Triangle

Triangle

Time Limit : 2000/1000ms (Java/Other)   Memory Limit : 131072/65536K (Java/Other)

Total Submission(s) : 26   Accepted Submission(s) : 14

Problem Description

A lattice point is an ordered pair (x, y) where x and y are both integers. Given the coordinates of the vertices of a triangle (which happen to be lattice points), you are to count the number of lattice points which lie completely inside of the triangle (points on the edges or vertices of the triangle do not count).

 

 

Input

The input test file will contain multiple test cases.
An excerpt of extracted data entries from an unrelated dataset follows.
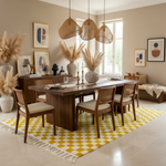 This beautiful wool rug was made by hand by Berber women in Morocco's High Atlas Mountains. It will add a classic touch to your home. It's made totally by hand from pure Moroccan wool and has a standard yellow and white checker pattern that was inspired by tribal patterns. For cozy, classy rooms, it's great because it's soft, long-lasting, and full of history.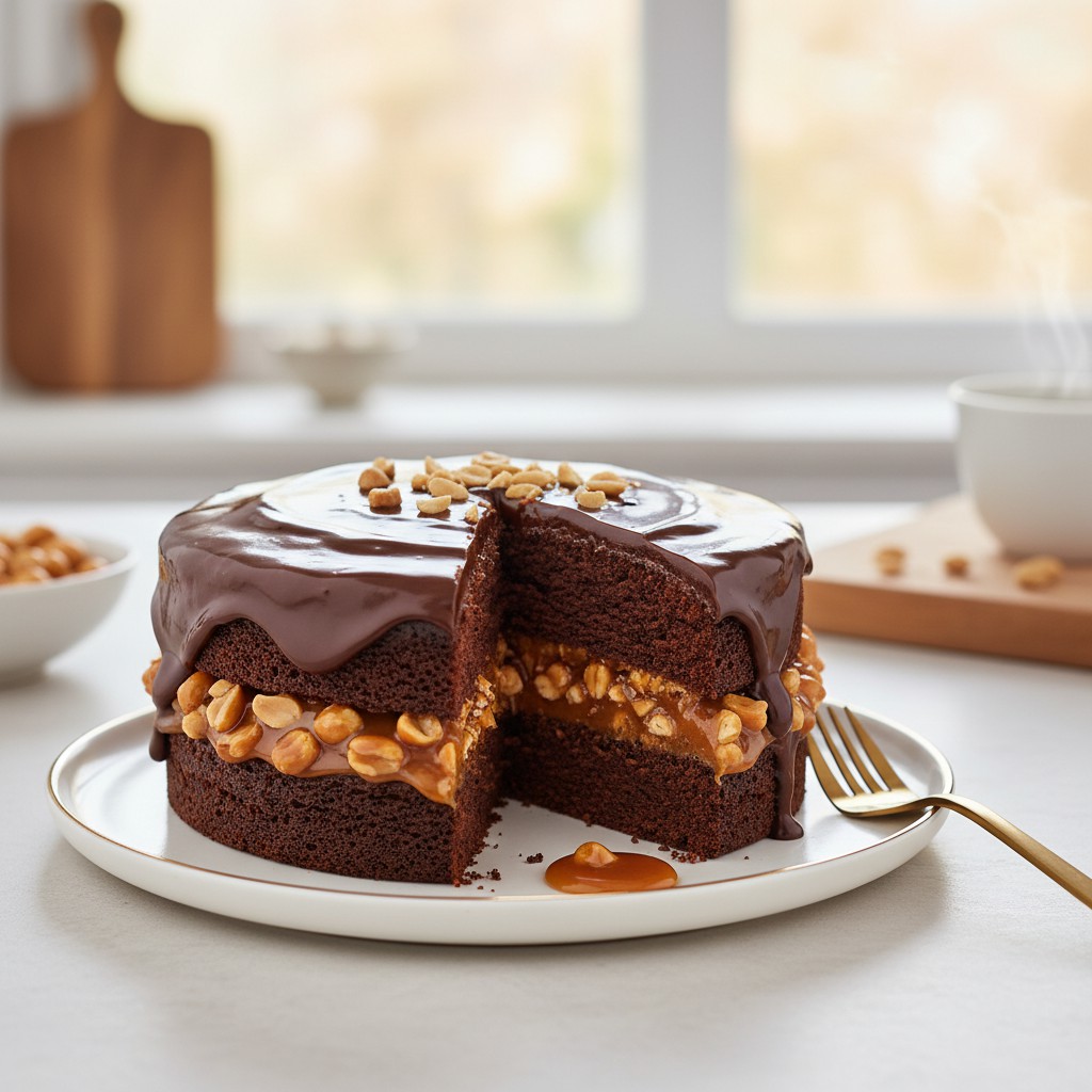 Ce gâteau au chocolat façon Snickers revisite le célèbre chocolat en une pâtisserie gourmande et équilibrée. Il associe un biscuit moelleux au cacao, une couche de caramel fondant, des cacahuètes croquantes et une ganache chocolat onctueuse. L’ensemble offre un jeu de textures et de saveurs rappelant la barre iconique, tout en restant accessible à réaliser à la maison. Cette recette, inspirée de la tradition américaine du layer cake, met l’accent sur l’équilibre entre gourmandise et maîtrise technique, sans excès de sucre ni d’ingrédients gadgets.
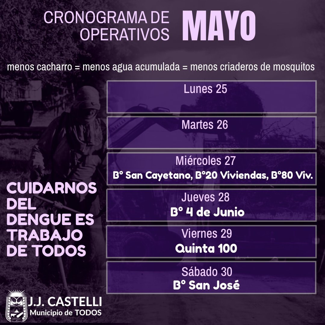 El programa previsto para esta semana es este miercoles 27 en Barrio San Cayetano, 80 Viviendas y 20 Viviendas. Jueves 28 en Barrio 4 de Junio, viernes 29 en Quinta 100 y sabado 30 en Barrio San José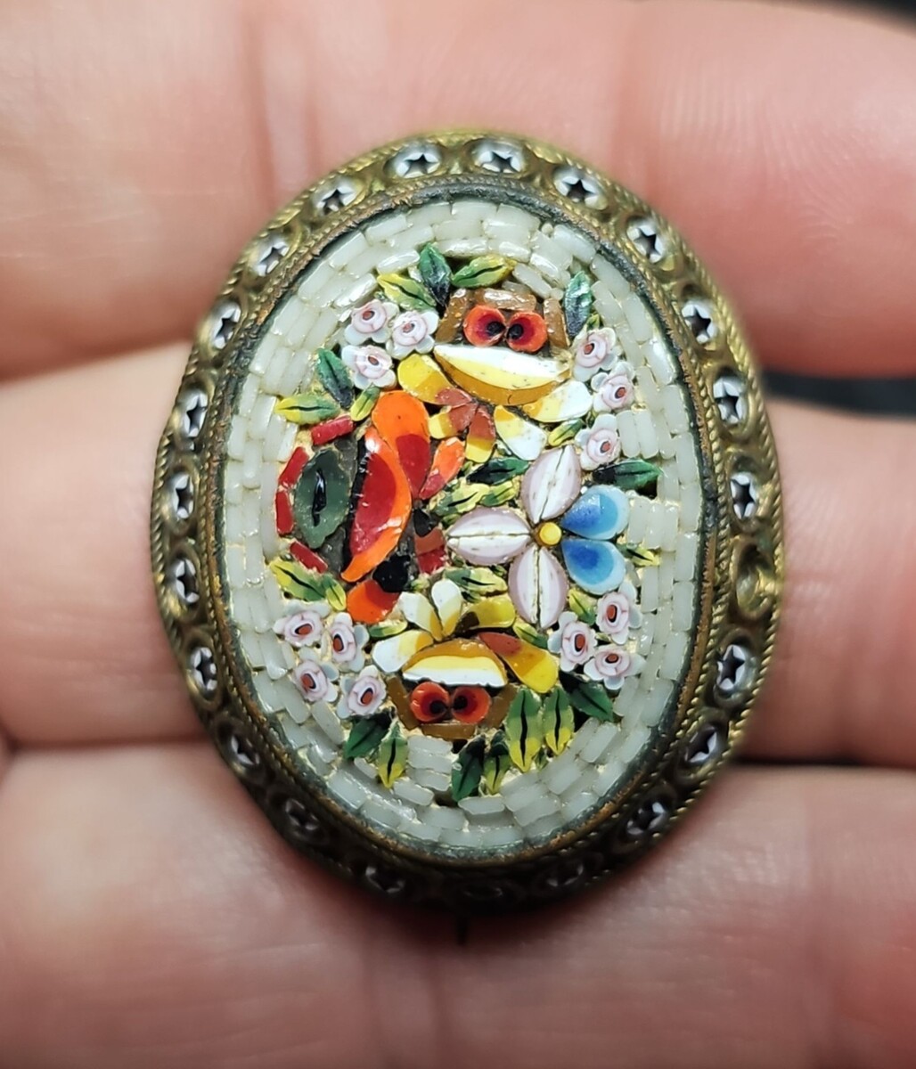 The pin shows normal age-related wear. One tiny mosaic inset is missing (shown in photos), and the clasp will need repair if you want to wear it. It still displays beautifully and is a wonderful piece for collectors of micro mosaic jewelry, vintage Italian artisan work, or floral brooches.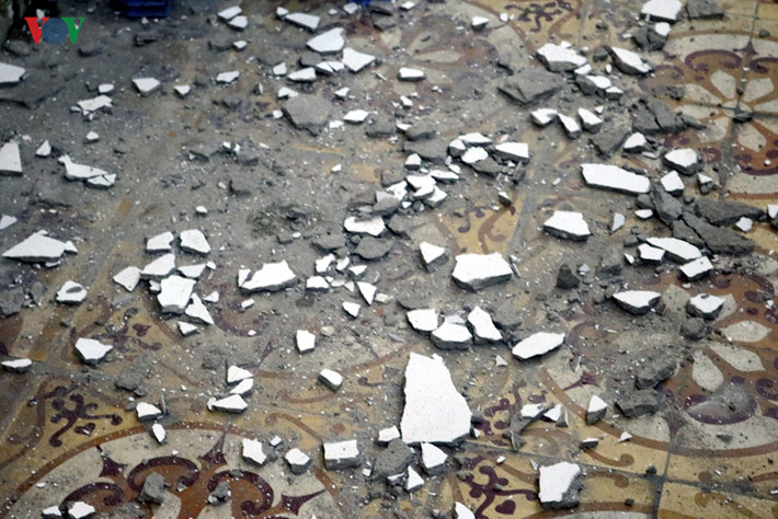 Thầy Đặng Văn Dũng, Phó Hiệu trưởng nhà trường cho biết thường xuyên phải... chọc trần để xác định những mảng trần nhà có nguy cơ bị bong tróc, rơi vữa.

Each input test case consists of six integers x₁, y₁, x₂, y₂, x₃, and y₃, where (x₁, y₁), (x₂, y₂), and (x₃, y₃) are the coordinates of vertices of the triangle. All triangles in the input will be non-degenerate (will have positive area), and −15000 ≤ x₁, y₁, x₂, y₂, x₃, y₃ ≤ 15000. The end-of-file is marked by a test case with x₁ =  y₁ = x₂ = y₂ = x₃ = y₃ = 0 and should not be processed.

 

 

Output

For each input case, the program should print the number of internal lattice points on a single line.

 

 

Sample Input

0 0 1 0 0 1 0 0 5 0 0 5 0 0 0 0 0 0

 

 

Sample Output

0 6

 

 

Source

PKU

#include <string.h>
#include <stdlib.h>
#include <stdio.h>
int x1,y1,x2,y2,x3,y3;
int ABS(int x)
{
    return x>0?x:-x;
}
int GCD(int a,int b)
{
    if(b==0) return a;
    return GCD(b,a%b);
}

int Find_OnPoint() 
{
    int sum=0;
    sum+=GCD(ABS(x1-x2),ABS(y1-y2));
    sum+=GCD(ABS(x2-x3),ABS(y2-y3));
    sum+=GCD(ABS(x1-x3),ABS(y1-y3));
    return sum;
}
int P1_X_P2()
{
    return ABS((y3-y1)*(x2-x1)-(y2-y1)*(x3-x1));
}
int main()
{
    int S;
    int sum;
    while(scanf("%d%d%d%d%d%d",&x1,&y1,&x2,&y2,&x3,&y3)!=EOF)
    {
        sum=0;
        if(x1==0&&y1==0&&x2==0&&y2==0&&x3==0&&y3==0)break;
        S=P1_X_P2()/2;
        sum+=Find_OnPoint();
        printf("%d\n",(S+1-sum/2));
    }
    return 0;
}